Martin Shkreli Seeks Revenge on Pharma Industry with New Drug Discovery Platform

Pictured: Martin Shkreli walking, Courtesy JStone/

Pictured: Martin Shkreli walking, Courtesy JStone/

Martin Shkreli, commonly known as the “Pharma Bro,” announced Monday he has cofounded Druglike, a Web3 drug discovery software platform, despite a lifetime ban from the pharma industry.

Martin Shkreli, Courtesy JStone/Shutterstock

Martin Shkreli, commonly known as the “Pharma Bro,” announced Monday he has cofounded Druglike, a Web3 drug discovery software platform, despite previously receiving a lifetime ban from the pharma industry.

In February 2022, Martin Shkreli, known as the “Pharma Bro,” received his second lifetime ban from the pharmaceutical industry. In January, he had been banned by U.S. District Court Judge Denise Cotes from future involvement in the pharmaceutical industry.

Then in February, he was given another similar order and also forced to pay a $1.39 million fine. The second verdict was over charges that Shkreli violated securities law between 2009 and 2014 when he ran Retrophin, Inc. And in 2017, he was found guilty of two charges of securities fraud and one charge of conspiracy to commit fraud.

In Tuesday’s announcement, Shkreli stated, “We started Druglike because in our experience, traditional drug discovery software is too difficult and expensive to use. Druglike will remove barriers to early-stage drug discovery, increase innovation and allow a broader group of contributors to share the rewards.”

The company is developing a decentralized computing network to help early-stage discovery biotech. Reportedly, this will be web-based and completely free to use.

This does appear to be quite different from his previous business ventures, which included his increasing the price of HIV drug Daraprim by approximately 5,000% when he was chief executive officer of Turing Pharma. The Druglike announcement does stress that it is “not engaged in pharmaceutical research or drug development,” although whether the judges who implemented the lifetime bans will agree with that remains to be seen.

Shkreli, in an interview with Daily Mail, said he ultimately plans to challenge the bans and get back into the pharmaceutical business. He also stated that Druglike is his “revenge” on the industry by removing barriers to things like target identification, drug design, and virtual screening. “It’d be fascinating if the next big medicine came out because like 20,000 computers of volunteers made it instead of like, Merck,” he said in the interview.

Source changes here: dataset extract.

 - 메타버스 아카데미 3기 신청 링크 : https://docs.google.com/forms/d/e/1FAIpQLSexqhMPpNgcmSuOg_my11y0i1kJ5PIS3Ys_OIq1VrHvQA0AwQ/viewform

It’s not clear how Shkreli or Druglike intends to generate revenue. The platform uses “proof-of-optimization,” a novel blockchain consensus mechanism that solves computational chemistry problems at a cost that is competitive with standard on-premises environments and cloud computing. Contributors to this web of computing solutions can run “both solver and validator nodes powering industrial-scale virtual screening campaigns in exchange for $MSI, the platform’s official token.” In order words, it’s a type of cryptocurrency. And the computing power would be crowdsourced via the web application.

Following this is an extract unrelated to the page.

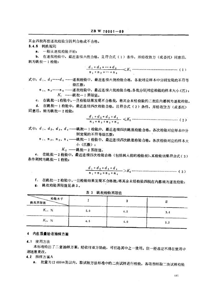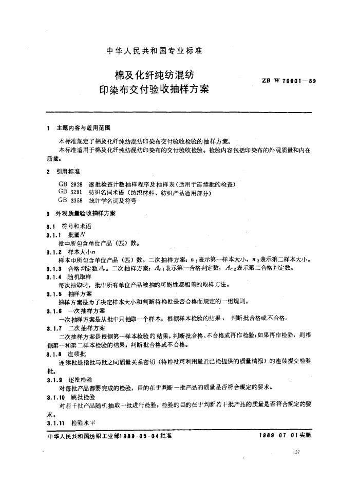 ZBW 70001-1989 棉及化纤纯纺混纺印染布交付验收抽样方案

Shkreli said, “For the first time, any computer or phone with access to the web might be responsible and rewarded for discovering the next breakthrough medicine. We will disrupt the economics of the drug business by allowing a wide pool of innovators and contributors, rather than only pharmaceutical giants, to profit from drug discovery.”

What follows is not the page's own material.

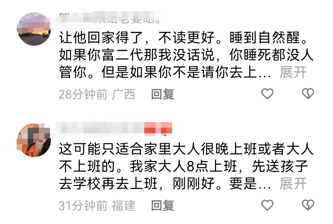上海一家長在家長群里懟老師,大意為:從今天開始,自己孩子所有的第一節早課都不上,要讓他睡到自然醒。孩子的睡眠比早課更重要,自己作為大人都起不來。

Shkreli’s involvement is certain to raise eyebrows. Gizmodo, for example, wrote, “Okay, so we have a shady ex-pharmaceutical executive known for doing the oppositive of democratizing the costs of medicine joining forces with a digital infrastructure that doesn’t even really exist yet … what could go wrong?”

Shkreli was sentenced to seven years in prison in 2018 and was released on May 19, 2022. He is currently residing in a halfway house in Brooklyn under the oversight of the Federal Bureau of Prisons until September 14.

While in prison, he tweeted that he used a cryptocurrency exchange, claiming that crypto entities would eventually become “bigger than the banking behemoths.”

Attorneys for Shkreli told NPR that he had completed “all programs that allowed for his prison sentence to be shortened.” The statement from his attorneys read, “While in the halfway house, I have encouraged Mr. Shkreli to make no further statement, nor will he or I have any additional comments at this time.”